Some Israeli and Palestinian analysts point to the historical example of the apartheid regime in South Africa, which collapsed after being hit by a wave of international sanctions, despite US support.

The parallel is a controversial one, because Israel is frequently accused by human rights organisation and others of implementing an apartheid system with its treatment of Palestinians in the occupied West Bank and, by some, within Israel itself.

Itamar Eichner, a well-known commentator, argued last week that the white South African leaders’ decision to dismantle the apartheid regime in the early 1990s was not the result of international pressure but of a recognition that “real and lasting solutions” were needed.

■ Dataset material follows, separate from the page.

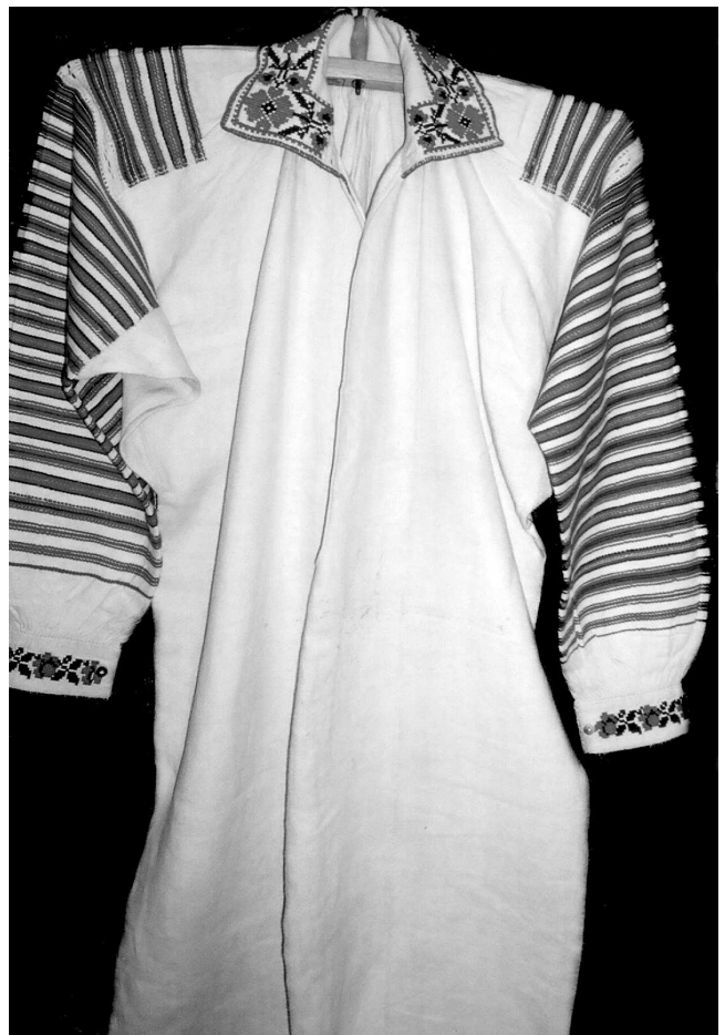
Сорочка Сарненський р-н Рівненської обл., кін. XIX – поч. XX ст. Льон, бавовна; полотняне, саржеве тканиня, вишивка. МІГ КН-8654.

“Israel now faces a similar crossroads,” Eichner wrote in one of Israel’s largest newspapers, Yedioth Ahronoth.

Sanctions comparable to those placed on South Africa are still far off however, and despite its pariah status, South Africa’s apartheid regime survived for decades. The relative resilience of the Israeli economy, boosted by huge government spending of borrowed money, has surprised observers.

Yossi Mekelberg, of London’s Chatham House thinktank, says: “Yes, Israelis are psychologically still on 7 October [2023] and in trauma, Palestinians are in the terrible catastrophe that they are facing. But Israelis also need to understand the tide has changed.”